A top Al-Qaeda figure in Syria who was one of the few people with advance notification of the Sept. 11 attacks has been killed in a U.S. airstrike, the Pentagon said in a news release issued Tuesday.
Muhsin al-Fadhli, labeled a longtime Al-Qaeda operative, was killed in a strike on July 8 while traveling near Sarmada, Syria, officials said. He was the leader of the Khorasan group, a cadre of Al-Qaeda veterans hiding out in Syria and plotting attacks on the United States and its allies, according to the Pentagon.
“His death will degrade and disrupt ongoing external operations of Al-Qaeda against the United States,” Capt. Jeff Davis, a Pentagon spokesman, said in the news release.
Fadhli was “among the few trusted Al-Qaeda leaders that received advanced notification of the Sept. 11, 2001 attacks,” Davis said. He was also involved in the 2002 attacks against U.S. Marines in Kuwait and on the French ship MV Limburg, the Pentagon said. Previously based in Iran, Fadhli was the object of a $7 million reward by the U.S. State Department for information leading to his capture or death. He was falsely reported as killed last fall.
American officials say Fadhli and the rest of the Khorasan group are part of Jabhat Al-Nusra (the Nusra Front), Syria’s Al-Qaeda affiliate, which ranks among the most powerful rebel factions fighting Bashar al-Assad's regime. The U.S. has said Khorasan fighters were sent to Syria by Al-Qaeda leader Ayman al-Zawahiri to recruit Europeans and Americans whose passports allow them to board U.S.-bound planes with less scrutiny from security officials.
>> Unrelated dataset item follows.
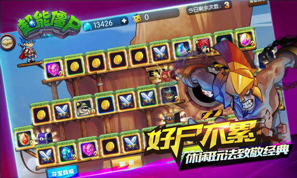 【尸赋异禀 独创末日理财体系】 原尸原味 招招让你脑洞大开 完美还原英雄在动漫中的招牌技能,超炫的全息特效必杀技,超酷的视觉冲击及碰撞打击感,细致入微极致展现 【原尸原味 招招让你脑洞大开】 好尸不累 休闲玩法致敬经典 休闲娱乐不能少,加入众多休闲娱乐玩法,经典“大富翁”玩法完美融入,好运摇出来,福利送不停!

They have presented the group as evidence that the core of Al-Qaeda remaining in Pakistan can still threaten the West, despite the damage done to that organization by years of drone strikes. Since last year the U.S. military has periodically targeted the group as part of its air campaign in Syria, beginning with eight strikes against Khorasan targets in September, which came in conjunction with the onset of an aerial campaign against the Islamic State in Iraq and the Levant (ISIL) across Syria and Iraq.
ISIL, which split from Al-Qaeda in 2013, is now one of the group’s chief rivals — competing for recruits, funding and, in Syria, territory.
Many analysts, however, have cast doubt on the U.S. government's characterization that the Khorasan group is separate from Jabhat Al-Nusra, which has earned the respect of many of Syria’s diverse and disjointed rebel factions for its military successes against the Assad regime and its willingness to work alongside other rebels (unlike ISIL, which is opposed by other Syrian rebels).
Aymenn Jawad al-Tamimi, a fellow at the Middle East Forum in Washinton, D.C, told Al Jazeera shortly after the first U.S. strikes on Khorasan that "the U.S. is using this distinction as a means to strike [Jabhat Al-Nusra], which fits in with a wider policy in the region of targeting Al-Qaeda affiliates with airstrikes while hoping to avoid alienating locals and other rebel groups who support or wish to work with Jabhat Al-Nusra."
The group is "not actually a separate group" but a contingent of Al-Qaeda members within Jabhat Al-Nusra that come from the Afghanistan-Pakistan border region, he said. Khorasan is a reference to a province under an ancient caliphate that once included parts of Afghanistan.
Jabhat Al-Nusra leader Abu Mohammed al-Jolani denied in an interview with Al Jazeera in May that the Khorasan group was real. “The so-called Khorasan group, supposedly active within our ranks, doesn’t exist,” Jolani said. “We first heard about it via the media after the U.S.-led coalition bombed us. It is merely a Western invention to justify the bombings on us.”
With The Associated Press. Michael Pizzi and Philip Victor contributed to this report.